The DNA methyltransferase 3A, or DNMT3A, gene is another important target. Mutations are found in 4%–22% of AML patients, but less is known about its effect than for IDH1 and -2. Decitabine, a hypomethylating drug that induces differentiation and apoptosis of leukemic cells, is widely used in myelodysplastic syndrome, and off-label for AML, in elderly patients who cannot tolerate induction chemotherapy, targets this gene. “A next-generation hypomethylator, guadecitabine, or SGI-110, has a longer half-life and has shown activity in AML in a phase III study, and in phase I and II studies has shown activity that compares favorably to decitabine, based on historical controls,” Issa said. An 800-patient phase III recently began in treatment-naïve patients who cannot induction chemotherapy, and earlier-stage studies are ongoing.
Mutations Denoting Poor Prognosis
Many later-stage mutations, such as those in the FLT-3 gene, and the presence of the WT-1 gene, are of great concern because they signal particularly poor prognoses. In a phase III study of the multikinase inhibitor midostaurin with chemotherapy versus chemotherapy and placebo in 717 newly diagnosed patients, patients took the combination for induction and then for 1 year as maintenance therapy. Primary investigator Richard M. Stone, M.D., chief of staff and program director of the Adult Acute Leukemia Program at the Dana–Farber Cancer Institute in Boston reported at a plenary session at ASH that patients taking the combination had better overall and event-free survival (EFS): 74.7 months compared with 26 months, and 8 versus 3 months, respectively (abstr. 6, plenary; https://ash.confex.com/ash/2015/webprogram/Paper86972.html). Stone explained that EFS was less dramatic than OS because the trial’s EFS cutoff was 60 days, so if a patient was not in remission at 60 days, but later, it was counted as an “event.” Remarkably, however, there was a 70% complete response rate at any time.
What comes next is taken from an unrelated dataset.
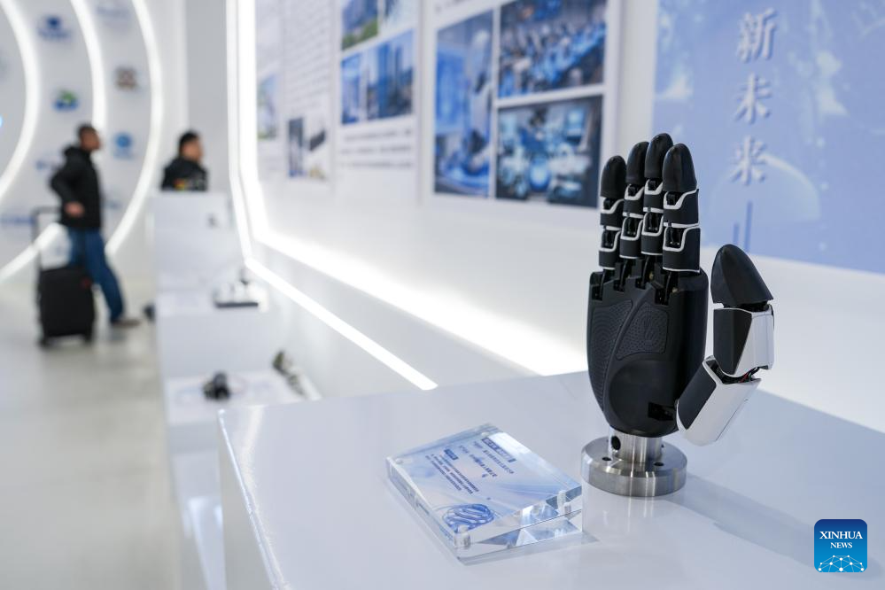 This photo taken on March 10, 2026 shows a bionic hand displayed at the Suzhou Embodied Artificial Intelligence Robotics Innovation Center in Suzhou, east China's Jiangsu Province. (Xinhua/Li Bo)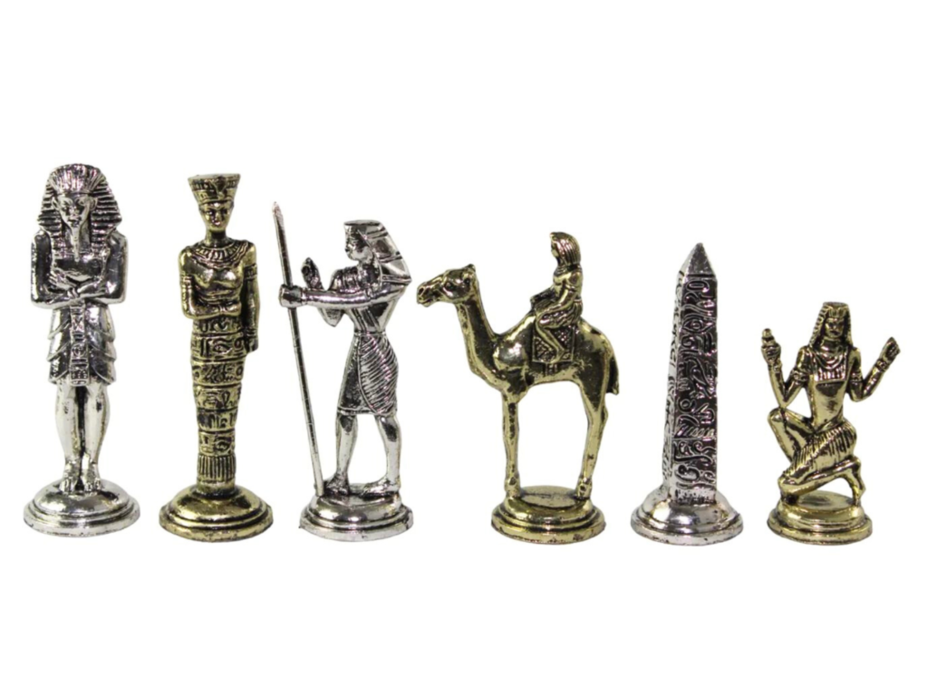 Egyptian Metal Chess Pieces Nickel & Brass 3.8 Inch

WT-1 is expressed on myeloid progenitor and myeloid leukemia cells, but not on healthy adult cells, said David Scheinberg, M.D., Ph.D., chair of the molecular pharmacology program, and director of the Center for Experimental Therapeutics at Memorial Sloan–Kettering Cancer Center. At the 8th International Congress on WT-1 in Kyoto, Japan, in late November, Scheinberg presented results of a phase II study of a WT-1 vaccine with 31 patients in remission, with overall median survival rates ranging from of 52.2 months. In a previous phase I study, the vaccine produced a median overall survival of more than 5 years. Together, both trials yielded a 2-year overall survival of 79%, compared with an historical rate of 30–45% Consisting of four modified peptide chains plus an adjuvant and immunomodulator, the vaccine induced strong CD4 and CD8 T-cell responses against the WT-1 antigen and destroyed residual cancer cells. A phase III randomized trial will begin in early 2016 with 300 patients.
Although researchers are looking to cure AML, many also hope that more and longer durable remissions like these may enable conversion of AML to a chronic disease that patients can live with long term, Issa said.